Depuis une vingtaine d’années, I.N.C.H est devenu un pilier de la scène hip-hop française. Vald, Seth Gueko, Oxmo Puccino, Alkpote, Hugo TSR, Limsa d’Aulnay… La liste de ses collaborations, trop longue à dresser exhaustivement, ferait pâlir d’envie plus d’un beatmaker expérimenté. Sa musique est le prolongement de lui-même. « D’une manière générale si un truc ne me ressemble pas, ça me fait chier d’y associer mon nom », admet-il. Petite nuance toutefois lorsqu’il rappe, puisque ses textes n’imagent pas – toujours – le fond de sa pensée. « Si c’est juste pour faire des multi-syllabiques crados, on s’en fout de savoir si c’est vrai ou pas, vu que c’est pour se marrer », sourit-il. « Quand je pense à I.N.C.H, je vois une palette, un tableau », explique O’Sabio conscient du talent de son ami « capable de tirer le meilleur de l’artiste avec qui il bosse ».

Le rap, I.N.C.H lui a tout donné. Il avoue sans ambages s’en détourner.
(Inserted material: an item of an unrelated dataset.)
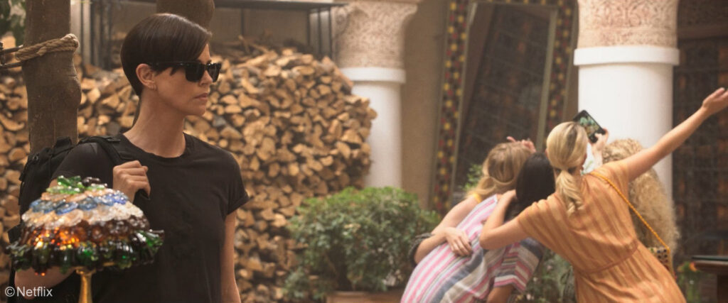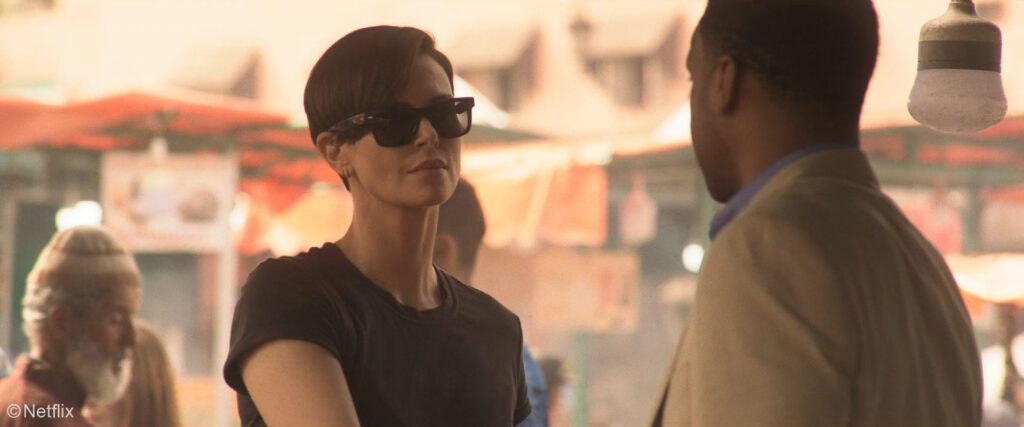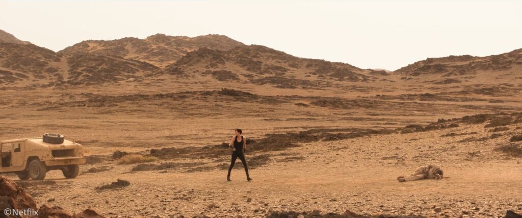 Andy enlève Nile et l’allonge inconsciente à l’arrière d’un véhicule militaire de type AM General HMMWV M1025. Nile finit par se réveiller, saute du Hummer en marche, puis Andy s’arrête, lui tire dessus pour éviter qu’elle s’échappe et lui prouver son immortalité. Ce moment fort a sans doute été tourné dans le désert d’Agafay ou aux abords de Kettara.

Un désamour qui coïncide avec son arrivée à Toulouse, peu avant le premier confinement. Désormais, il aimerait que sa musique habille des films, des séries ou des pièces de théâtre. Nouvelle ville, nouvelle vie ? Pas si vite. Au fil de la discussion, cette affirmation craquèle, comme les riffs de guitare d’un morceau de Magma. Le beatmaker explique qu’il lui reste « six ou sept albums » bien au chaud dans ses disques durs. Il parle de L’appât, son EP commun avec le rappeur toulousain Seyad, sorti le 15 octobre dernier, puis s’emmêle les pinceaux en détaillant ses collaborations à venir. Il marque une pause : « J’arrête jamais en fait. » De toute manière, on n’y avait pas vraiment cru.